5) Top it off by being rude and passive-aggressive. When the situation escalates and your incandescent (preferably starving) customer ask to speak to senior management, ensure that the employee in this position is as rude and indifferent as possible. If they offer a reasonable solution (i.e. they will go for breakfast elsewhere as long as you let them go) make sure you drain last drop of patience they may have had by insisting that if they leave they will be charged $120.00. As a last resort, when your victim has truly transformed into a green goblin of fury and gives you a final chance to choose between $120.00 or a public trolling campaign against their actions, ensure that you respond with the most passive-agressive tone you can muster with a comment such as "please go right ahead ma'am".
Congratulations! You have now created a troll!
Despite the level of negative publicity that this will cause you, there are still ways that the situation can be recovered. As I mentioned in the introduction of this article, any Type 3 Troll can be calmed and the damage contained in 3 simple steps:
1) Offer a public apology from higher management stating that the company will deal with unethical practices
2) Request a personal written apology from the manager that have caused the grief to be sent to the customer
3) Offer compensation and a generous gift to appease your customer's anger
We hope that our misfortunes have helped to ensure that you never create an Internet Troll, and that if you happen to have the misfortune to do so by error, there are ways in which you can contain the situation and make amends.
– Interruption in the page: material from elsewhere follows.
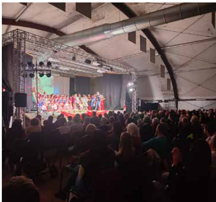
La festa della scuola di danza Arckadia.

Venerdì 23 dicembre altre suggestioni con "Accordi di pace & Young Guitar Orchestra", gli auguri di Natale della Pro Loco in collaborazione con la Fondazione scuola di musica "Andreoli" e i maestri Matteo Minozzi ed Eugenio Polacchini. Anche qui tanti applausi ed entusiasmo.
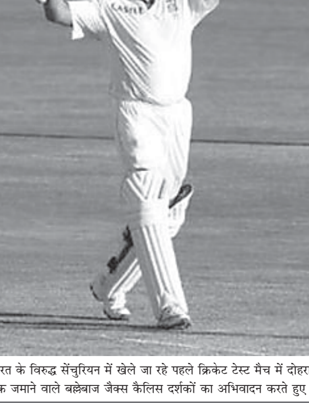
भारत के विरुद्ध संचुरियन में खेले जा रहे पहले क्रिकेट टेस्ट मैच में दोहरा शतक जमाने वाले बल्लेबाज जैक्स कैलिस दर्शकों का अभिवादन करते हुए।

थानाप्रभारी ने बताया कि रिपोर्ट के अनुसार प्रार्थिया की गोर्गुंदा में श्री धानमंडी थाने में मामला दर्ज कराया गया। पुलिस ने आरोपी को गिरफ्तार कर जांच शुरू कर दी है।

We also encourage anyone who has fallen victim of any sales or marketing scams, poor trading standards and embarrassing customer services to voice your opinion. Your opinion as a consumer matters and it is only by voicing your experience loudly and publicly that the marketplace as a whole can become safer and more ethical for everyone.
To end on a positive note, it is great to see that some people do a wonderful job when dealing with clients - even when they have done nothing wrong. One of our favourite examples of great customer services is the Hilton Giraffe story, which should be a story which we hope in the future will set the example rather than the exemption.